TASK PROMPT: What you return must be the lines from the first one below through the one containing "МАЛО, спермобаки ууу?", exactly and with pictures excluded.

[Dataset excerpts]
[Start of section]

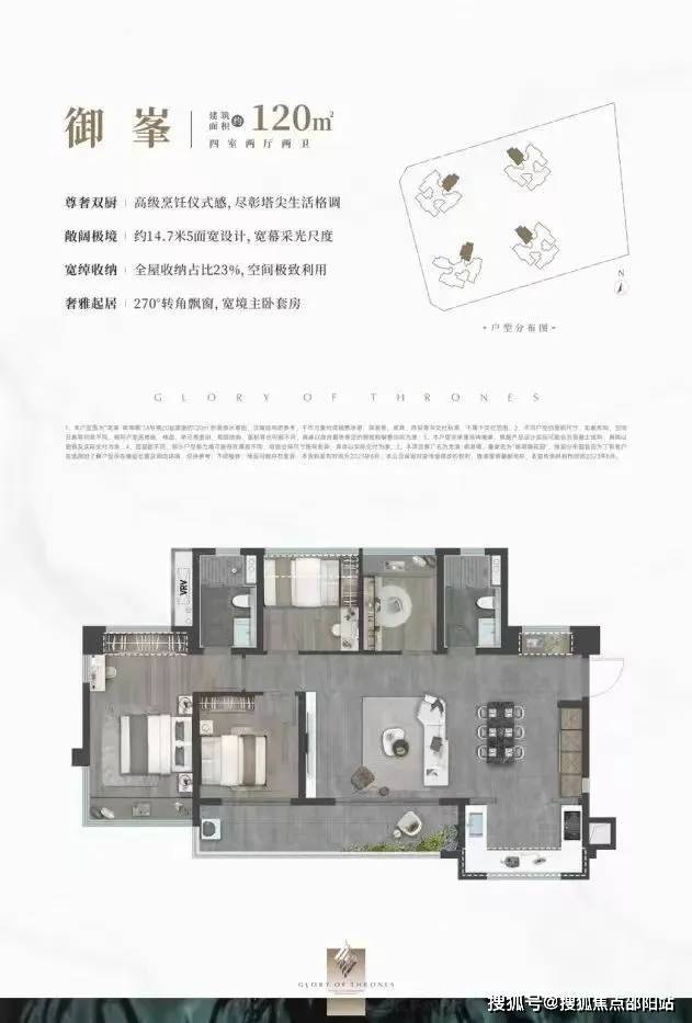 120㎡的4房2卫,折后总价412-456万/套,单价3.46-3.81万/㎡。
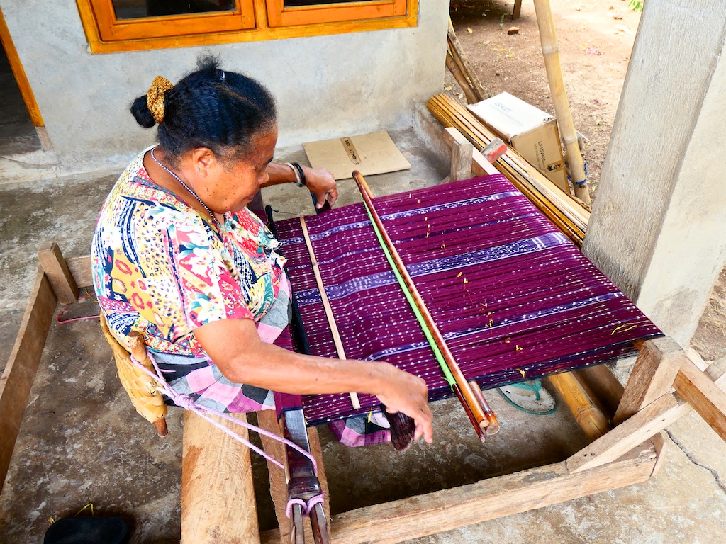 On va ensuite dans le district de Ilé Padung voir une tisserande appelée Mama Theresia Ritan qui est une experte et chez qui j’ai déjà effectué de nombreux achats …mais pas aujourd’hui !!!
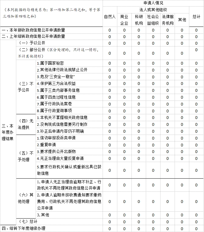 三、收到和处理政府信息公开申请情况
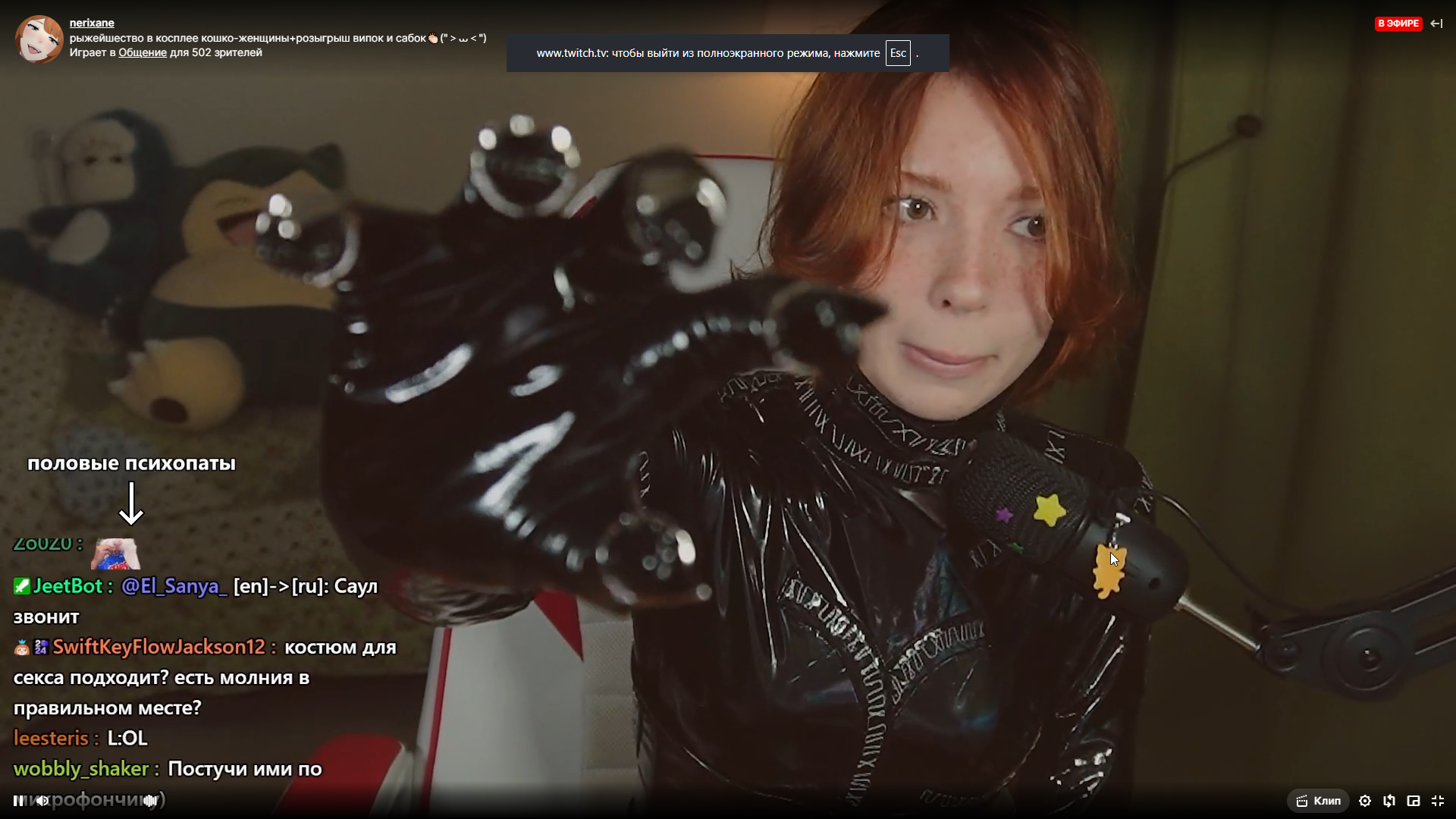 >>24993228 (OP) Ну ребят!. Ну не заходите к Рыжопичу на стрим. Я вон тоже рыжий парик надела и сиськи вывалила. Ну останьтесь на моем канале twitch.tv/unuasha Ну что Вам там латексный костюм, ну? Я весь стрим наклоняюсь в вебкамеру смотрю. Вам что? этого МАЛО, спермобаки ууу?
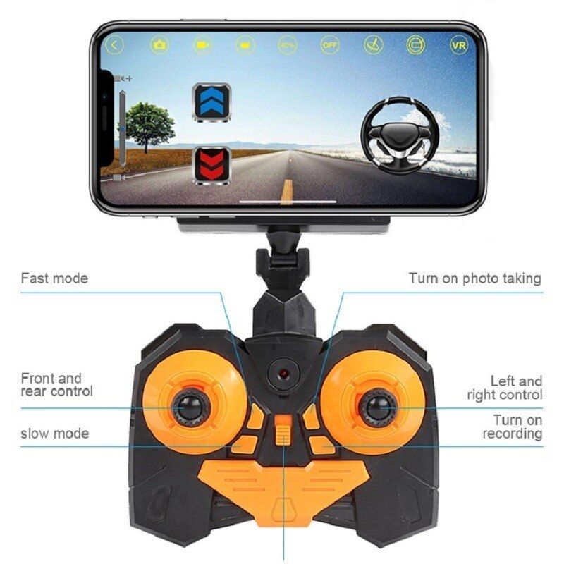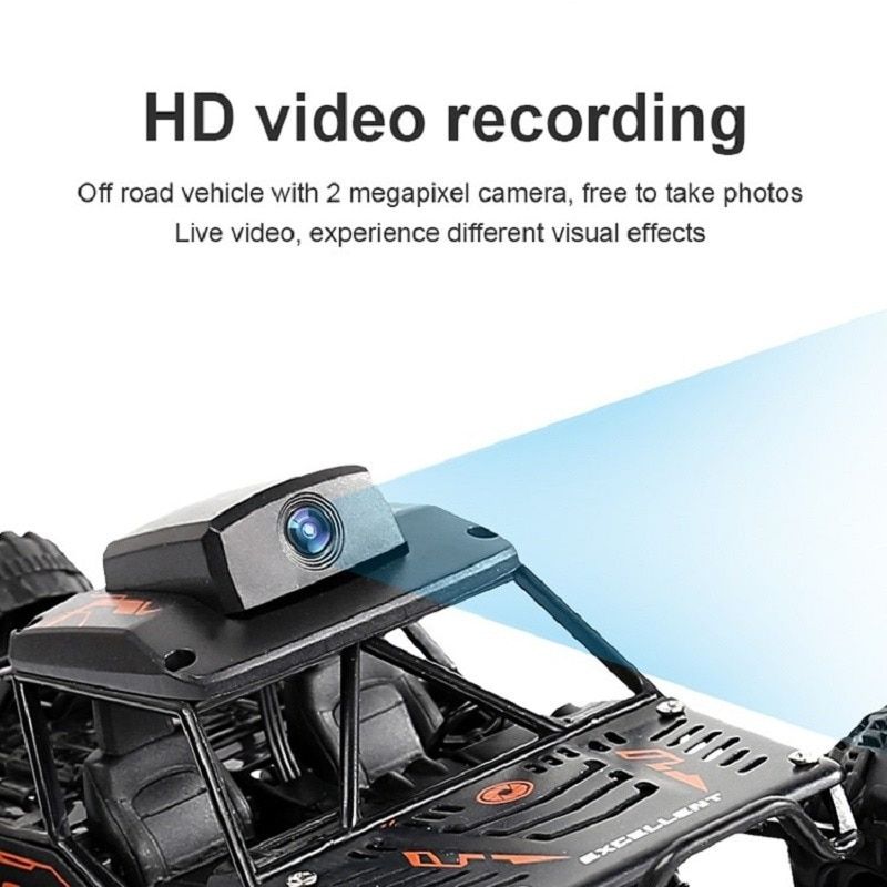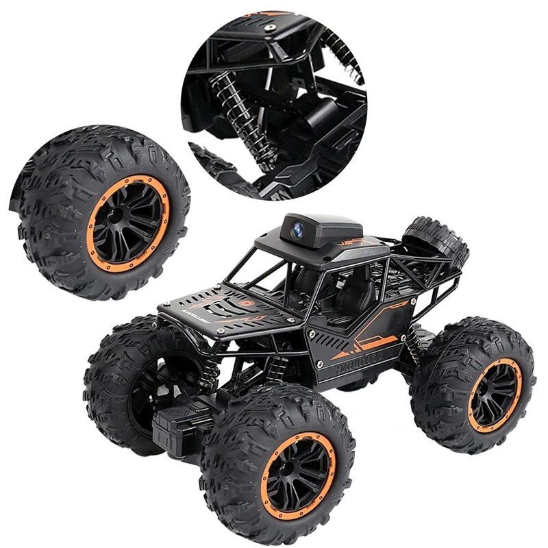 RC Car 2.4G 720P WIFI FPV HD Camera High-speed Off-road Climbing Double Steering Buggy Rock Crawler 4wd Rc Vehicles Kids Toys Features: * REMOTE CONTROL CAR equipped with a HD camera, which allows you to make live videos during driving via your phone. Take High-resolution photos and videos. * 2 WAYS CONTROL: You can drive this car in two modes. FIRST Mobile App driving via Wi-Fi you can follow a car via a phone screen, build a track, share live stream videos and saved pictures with friends or even with the whole world. SECOND 2.4Ghz remote control (Require 2xAA battery,not included) * Superior Control Experience: The 2.4GHz controller not only controls Forward/Reverse and Right/Left movement, but it also allows you to turn the camera on or off. Low speed smooth, high-speed throttle response, sensitive steering and speed, anti-skid high-performance rubber tire easy to face the challenges of various terrain. * STRONG SHOCK ABSORBERS: This car has advanced anti-skid rubber tires, shock absorbers and anti-collision beam, sensitive steering which give support to unexpected dropping and the unstable surface of the ground. Specifications: Color: Black Ratio: 1:18 Remote Frequency: 2.4 GHz Remote Control Battery: 2 * AA Batteries (Not Included) Car Body Battery: 3.7V 500mAh Lithium Battery(Built-in) Charging Time: About 2 Hours Materials: Eco-friendly ABS + Electronic Components Car Size: About 20.5x14x12.5cm/8.07x5.51x4.92 inch Package Listing: 1x Remote Control Car With Camera(built-in rechargeable battery) 1x Adjustable Phone Holder 1x Remote Control 1x USB Charging Cable 1x Screwdriver Notes: 1. Please allow slight dimension difference due to manual measurement. 2. Please consider the actual sizes in the listing as the pictures are generally enlarged to show detail. 3. Due to the light and screen difference, the item's color may be slightly different from the pictures. If you minding the difference, please buy it carefully.Thanks for your understanding.

[End of section]

COMPLETED TASK:
 120㎡的4房2卫,折后总价412-456万/套,单价3.46-3.81万/㎡。
 On va ensuite dans le district de Ilé Padung voir une tisserande appelée Mama Theresia Ritan qui est une experte et chez qui j’ai déjà effectué de nombreux achats …mais pas aujourd’hui !!!
 三、收到和处理政府信息公开申请情况
 >>24993228 (OP) Ну ребят!. Ну не заходите к Рыжопичу на стрим. Я вон тоже рыжий парик надела и сиськи вывалила. Ну останьтесь на моем канале twitch.tv/unuasha Ну что Вам там латексный костюм, ну? Я весь стрим наклоняюсь в вебкамеру смотрю. Вам что? этого МАЛО, спермобаки ууу?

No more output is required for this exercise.